Gosto muito do primeiro álbum do RPM, Revoluções por Minuto. Achava que era um trabalho diferente no panorama do rock brasileiro, em música e letra. O grupo tinha um estilo diferente, alguma coisa que soava progressiva, havia influência disso, mas que não era exatamente progressiva.
No meio do sucesso da turnê, saiu o Rádio Pirata ao Vivo. Quando você grava um disco no estúdio, ainda que muito ensaiado, ele soa verde. Tudo acaba ficando bem melhor depois que vai para a estrada. Acho que a intenção do RPM, com o disco ao vivo, foi registrar um trabalho musical, que – depois de lançado em disco, depois de todos os shows, as turnês etc – acabou ficando melhor.
Muita gente comparou a trajetória do RPM com a do Secos & Molhados, mas creio que a única ponte entre o que eu vivi e o que eles viveram seja o fato de as duas bandas terem acabado no auge. Só isso. Até porque o S&M tinha um atitude rock, uma pegada rock, mas não fazia rock’n’roll – eu até me impressiono de as pessoas pegarem o que fiz com os Secos e acharem que aquilo era uma banda de rock.
Em relação ao Paulo Ricardo, especificamente, eu achava que ele havia sido hiperexposto. Eu até avisava para ele: “Isso é um perigo. Essa imprensa que hoje está te glorificando e pondo você lá nas alturas pode no ano que vem estar te achincalhando. Não acredite nisso, não se exponha tanto, se poupe, apareça menos”. Mas como é que você vai dizer isso para uma pessoa com a idade que ele tinha, ainda mais com todo aquele sucesso estrondoso?
Na hora em que a coisa detonou mesmo, eu até nem permaneci junto – afinal, eu também tinha minha vida, minha carreira.
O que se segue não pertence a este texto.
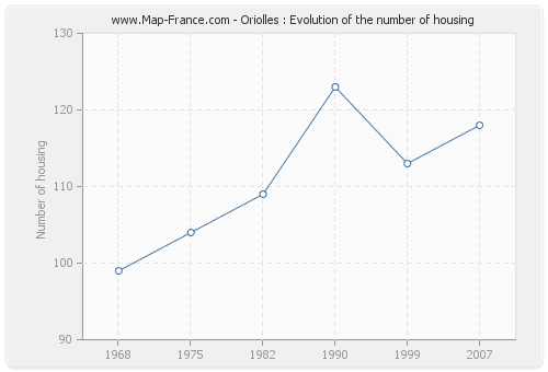 The number of housing of Oriolles was 118 in 2007, 113 in 1999, 123 in 1990, 109 in 1982, 104 in 1975 and 99 in 1968.

Eles seguiram sozinhos, com o Poladian, e foi realmente um grande sucesso.
O grupo estava no auge da batida, eu estava enxergando o RPM com os olhos de uma pessoa que já tinha experiência, que já havia passado por aquilo de uma certa maneira – só que sempre lidei bem com isso, porque só me expunha quando estava trabalhando, no palco. Fora disso, eu me recolhia sempre. Era nesse sentido que eu os aconselhava, de não se expor tanto, de tomar cuidado.
Quando me afastei, após uns quatro meses de trabalho, não havia nenhum tipo de perturbação entre eles, ainda estava tudo bem. Depois eu e o Paulo continuamos amigos, e eu fiquei assistindo ao grupo, vendo os shows, sabendo do que acontecia com a banda por meio da cobertura da imprensa, até a sua separação, em fevereiro de 1989.
Ney Matogrosso é o maior showman do Brasil e dirigiu muitos outros shows de sucesso depois de Rádio Pirata. Depoimento cedido a Ricardo Schott.